Afera dyplomowa z udziałem Roberta Lewandowskiego dotyczy tytułów naukowych tajemniczo obronionych przez Polaka na prywatnej, nieistniejącej Uczelni Nauk Społecznych w Łodzi. Jedną z najważniejszych postaci w niej był dr. hab. Zbigniew D., którego aresztowano pod zarzutem sprzedawania prac i tytułów naukowych. Dodatkowo oliwy do ognia dolała wypowiedź jednej z wykładowczyń na tamtej uczelni, która twierdziła, że Lewandowski zdał u niej dwa egzaminy, przy czym ona dowiedziała się o tym z mediów. Całą sprawę jako pierwszy zaczął badać Onet, a na łamach Sport.pl dokładnie wszystko opisał Kacper Sosnowski.
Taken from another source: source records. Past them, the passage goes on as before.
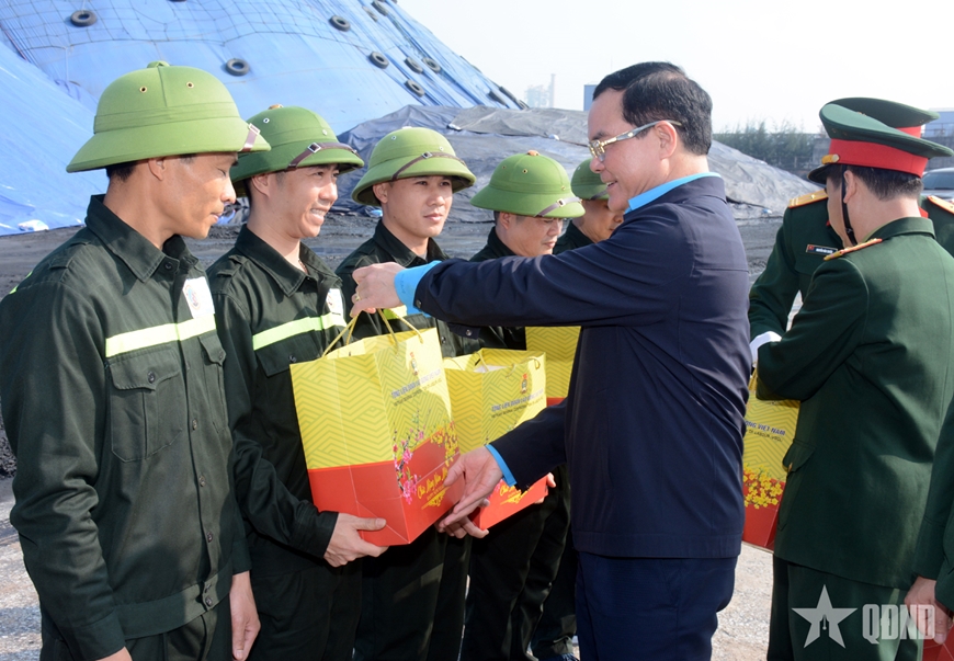 | Đại tướng Nguyễn Trọng Nghĩa trao quà Tết tặng đại diện người lao động Công ty cổ phần Vận tải và Chế biến than Đông Bắc. |
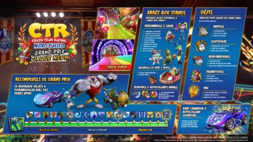 Bienvenue au Cirque Néon, le prochain Grand Prix au programme de Crash Team Racing Nitro-Fueled cet automne. À partir du 8 novembre, les joueurs qui prendront part à cette saison électrisante de Grand Prix seront en mesure de courir sur le nouveau circuit exceptionnel, Cirque Koala, alors qu’ils complètent des défis pour gagner des points Nitro.
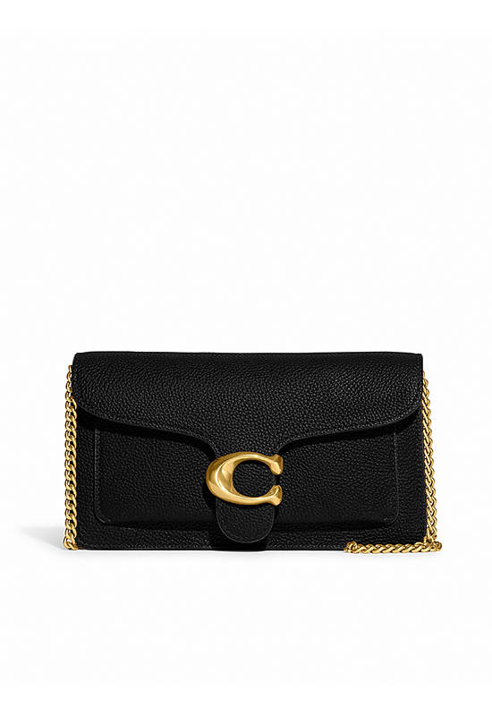 A modern take on an archival 1970s Coach design, our structured Tabby clutch is crafted of polished pebble leather. Finished with our Signature hardware, this organized, three compartment design has a secure interior zippered compartment and an exterior slip pocket for easy access to essentials. The versatile bag can be carried as a clutch or worn crossbody with the elegant chain strap, making it the perfect choice for both dressed up and casual looks.
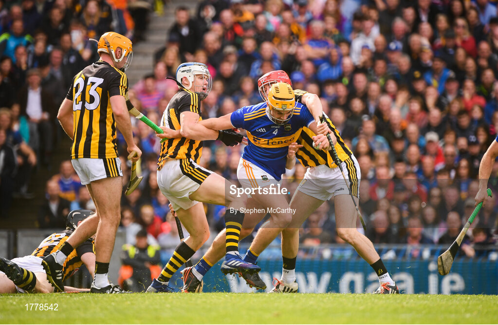 18 August 2019; Ronan Maher of Tipperary in against Billy Ryan, James Maher and TJ Reid of Kilkenny during the GAA Hurling All-Ireland Senior Championship Final match between Kilkenny and Tipperary at Croke Park in Dublin. Photo by Stephen McCarthy/Sportsfile
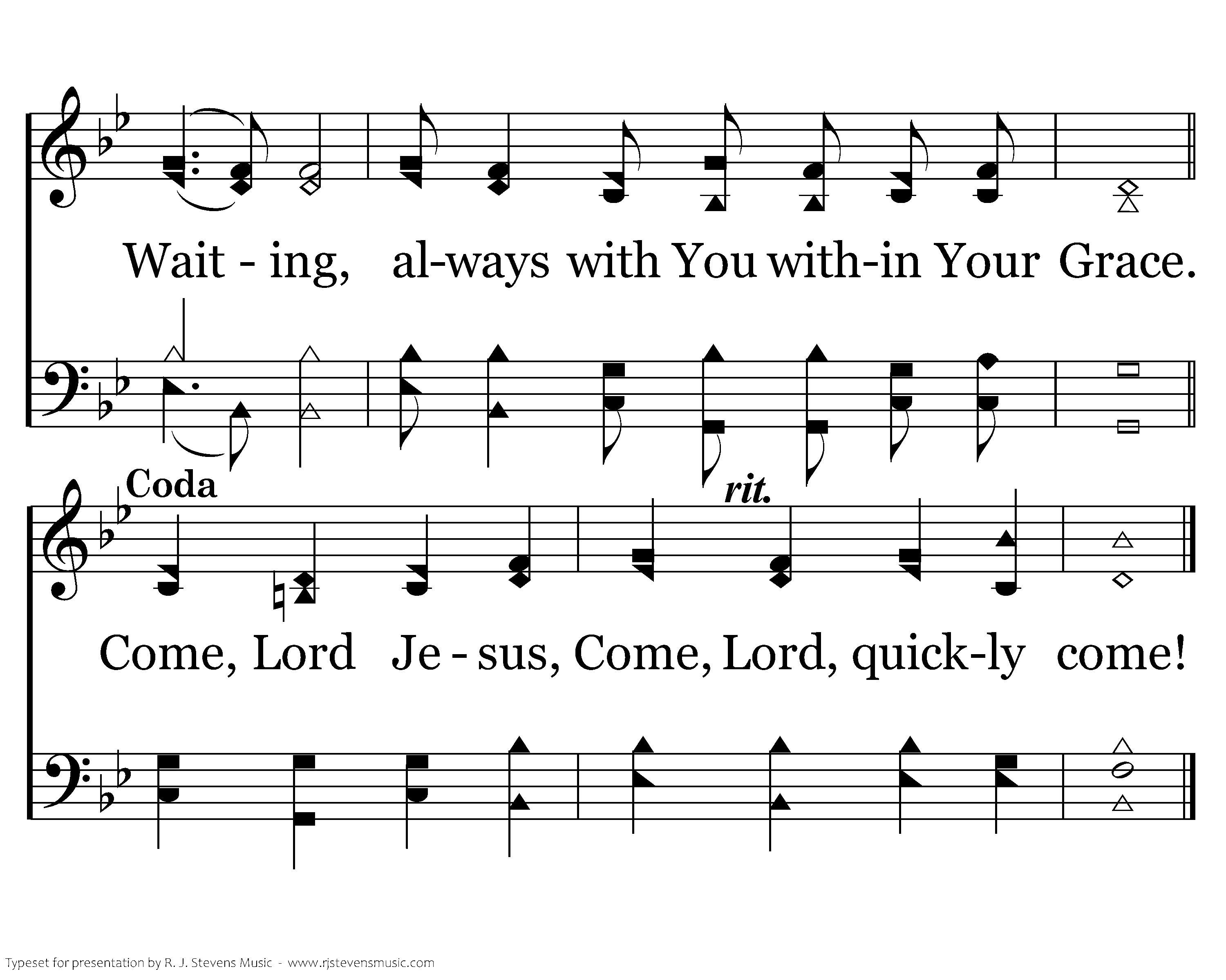Waiting, ready to rise up, Waiting, anxiously watching, Waiting, always with You within Your grace. Come, Lord Jesus, Come, Lord, quickly come.
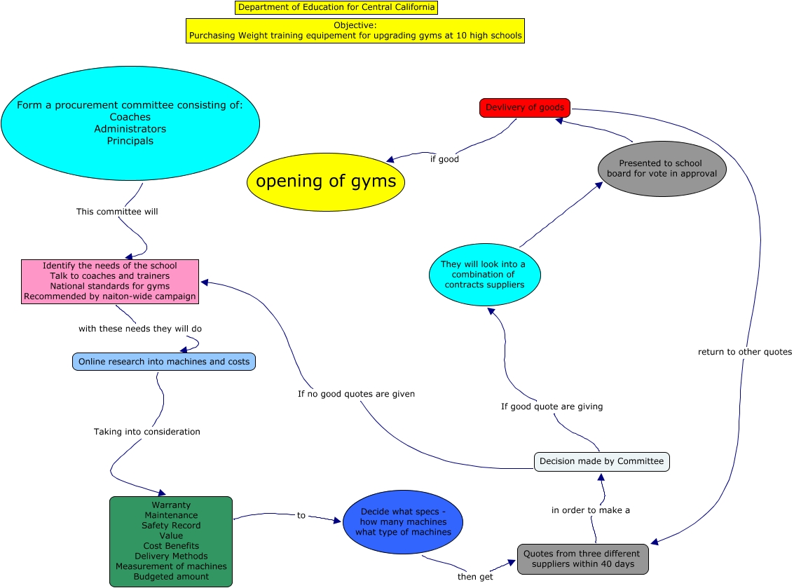 This Concept Map, created with IHMC CmapTools, has information related to: Procurement, Identify the needs of the school Talk to coaches and trainers National standards for gyms Recommended by naiton-wide campaign with these needs they will do Online research into machines and costs, Presented to school board for vote in approval Devlivery of goods, Decision made by Committee If no good quotes are given Identify the needs of the school Talk to coaches and trainers National standards for gyms Recommended by naiton-wide campaign, Decide what specs - how many machines what type of machines then get Quotes from three different suppliers within 40 days, Online research into machines and costs Taking into consideration Warranty Maintenance Safety Record Value Cost Benefits Delivery Methods Measurement of machines Budgeted amount, Devlivery of goods if good opening of gyms, Form a procurement committee consisting of: Coaches Administrators Principals This committee will Identify the needs of the school Talk to coaches and trainers National standards for gyms Recommended by naiton-wide campaign, They will look into a combination of contracts suppliers Presented to school board for vote in approval, Warranty Maintenance Safety Record Value Cost Benefits Delivery Methods Measurement of machines Budgeted amount to Decide what specs - how many machines what type of machines, Quotes from three different suppliers within 40 days in order to make a Decision made by Committee, Devlivery of goods return to other quotes Quotes from three different suppliers within 40 days, Decision made by Committee If good quote are giving They will look into a combination of contracts suppliers
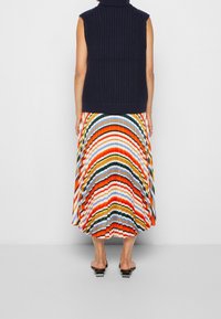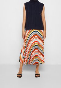 Suéter sin mangas de cuello alto azul marino con patrón de punto trenzado, combinado con una falda plisada a rayas multicolores.
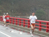 10qの部のスタートは11時からと時間に余裕があるのはいいのですが,空模様の方は雨が時折激しく降ったり,一時小止みになったりの繰り返しでコンディション作りに苦労しました。本大会はスタート20分前から最終点呼が行われるので,こたろ〜君のゴールシーンは見られないまま,同時スタートの5qの選手と合わせて38名が,スタート2分前にスタートラインに並びました。号砲一発ハナを切って飛び出していったのは,5qの部選手ではなく10qの選手でした。その後に5qの部の先頭集団が続き,私はその後ろで10qの部4番手の位置にいました。コースは土師ダム貯水池八千代湖の湖畔を2本の橋を渡って周回するもので,特に気になるようなアップダウンもなく,まずは平坦といってよいコース設定でした。スタート時点では雨はほとんどあがっていましたが,気温も高く体が冷えるような状況にはなりませんでした。最初の橋を渡ったところで距離合わせのためと思われる折り返しコースを走り,後続とはほとんど差がないことが確認できました。周回コースは一周5qなので,10qの部はコースを2周することになります。1週目終了時点のラップが19′16″でした。二日前に9割以上の力で22qを走ってその疲れが抜けていない状況下で,このペースは速過ぎました。2周目に入ると5qの部の選手がいなくなり,前を行く選手は視界に入るか入らないかくらいまで離れていたので,順位をこれから上げることはほぼ不可能でした。後半いかに粘れるかが問題だったのですが,残り2qを切った辺りからペース維持がかなわなくなりました。結局2名の選手にかわされてゴールすることになりました。それでも記録は10qの自己新記録です。また,後半の二週目も19′18″で走っており極端なペースダウンはありませんでした。体調が申し分なければもっと勝負できたのにとの悔いは残りますが。
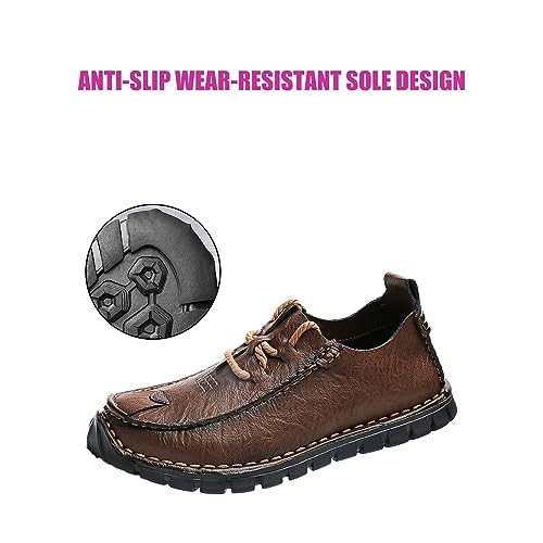 Men's Stylish Hand Stitched Leather Loafers Slip On Comfortable Soft Sole Moccasin Boat Shoes Stylish Casual Driving Dress Flats for Business 6
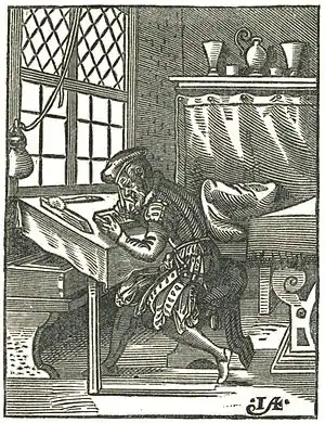 - ↑ The industry of Jost Amman was as remarkable as his skill. The old historian of early printers, Sandraart, says, on the authority of his pupil George Keller, that during the four years in which Keller lived with him, Amman produced designs enough to load a wagon.
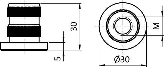 zur Befestigung von Stellfüßen und Bodenrollen an der Stirnseite von Rundrohrprofilen mit Außendurchmesser Ø 30 mm
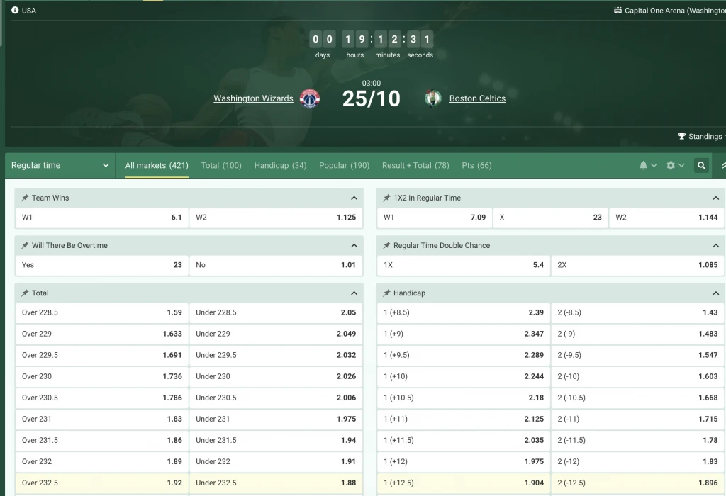 În linie, clienții vor găsi oferte pentru competiții până la nivelul al doilea până la al patrulea, în funcție de sport și țară.
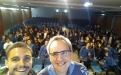 Ayudado (e interrumpido a veces) por el profesor José Villaamil, que compartió con él esta experiencia y tiene también mucho que contar, nos explicó detalles que nos llevaron hasta las complejas calles de Atenas: los barrios okupados donde no entra la policía en los que hay que recoger jeringuillas usadas para limitar infecciones; la céntrica plaza que se llena de olor a comida, colores, libros, música, lavadoras o asistencia médica, cuando Tassos (el director de "Steps") hace realidad el hecho de que todos somos iguales (“si ellos viven en la calle, nosotros debemos estar en la calle, crear en ella un espacio de convivencia para compartir”); la colina desde la que se ve el atardecer de siglos para poner un buen broche al final del día; la confianza absoluta, contra pronóstico, de algunos jóvenes refugiados que acaban de llegar, agotados y heridos, en que todo va a salir bien…

Główną wątpliwością w całej tej sprawie był oczywiście czas. Czas, którego zdaniem wielu Lewandowski miał mieć o wiele za mało, by sumiennie uczyć się oraz zdawać egzaminy. W tej sprawie padło już wiele opinii oraz komentarzy. Wciąż jednak brakuje słów najważniejszych. Tych pochodzących od samego napastnika reprezentacji Polski. Lewandowski uparcie jednak milczy, a teorię, dlaczego to robi wysnuł w rozmowie z Marcinem Torzem z ujawniamy.com Cezary Kucharski.
Były agent i przyjaciel Lewandowskiego, a obecnie jego przeciwnik w sporze sądowym, nie gryzł się w język już w wywiadzie dla wiadomosci.goniec.pl, twierdząc, że kapitan naszej kadry narodowej miewał swego czasu poważne kłopoty, by znaleźć czas na spotkania ze sponsorami, a nawet na odwiedziny u własnej mamy. Tym bardziej wątpliwe zatem, aby miał czas na naukę i jeżdżenie do Łodzi na egzaminy.
Tym razem były piłkarz nie wahał się ani chwili, by oskarżyć Lewandowskiego o zwykłe tchórzostwo. - Jego reakcja, a raczej brak reakcji, utwierdza mnie w pewnym przekonaniu. Lewandowski, którego ja znam, jest tchórzem. On nie zajął stanowiska w tej sprawie, wykręca się. Chce, żeby opinia publiczna o tym zapomniała, by nie było żadnego jego zdania. On nie wie tak naprawdę co teraz powiedzieć, bo nie wie, jak potoczy się śledztwo. Gdyby powiedział teraz prawdę, to przyznałby się do własnej kompromitacji - ostro ocenił Kucharski.
Marcin Torz zapytał go także m.in., po co jego zdaniem Lewandowskiemu to wszystko, to dodatkowe wykształcenie, skoro ma już niepodważalne tytuły licencjata i magistra na Wyższej Szkole Edukacji w Sporcie w Warszawie. Kucharski i tu nie szczędził napastnikowi ostrych słów. - Moja hipoteza jest taka, że ktoś mu to zaproponował za darmo lub za małe pieniądze. On to zrobił po pierwsze z próżności, bo chciał się popisywać na tle innych piłkarzy, a po drugie z lenistwa. Nie chciało mu się edukować we właściwy sposób. Jak go znam, to zakładałbym, że właśnie dlatego to wszystko - powiedział Kucharski.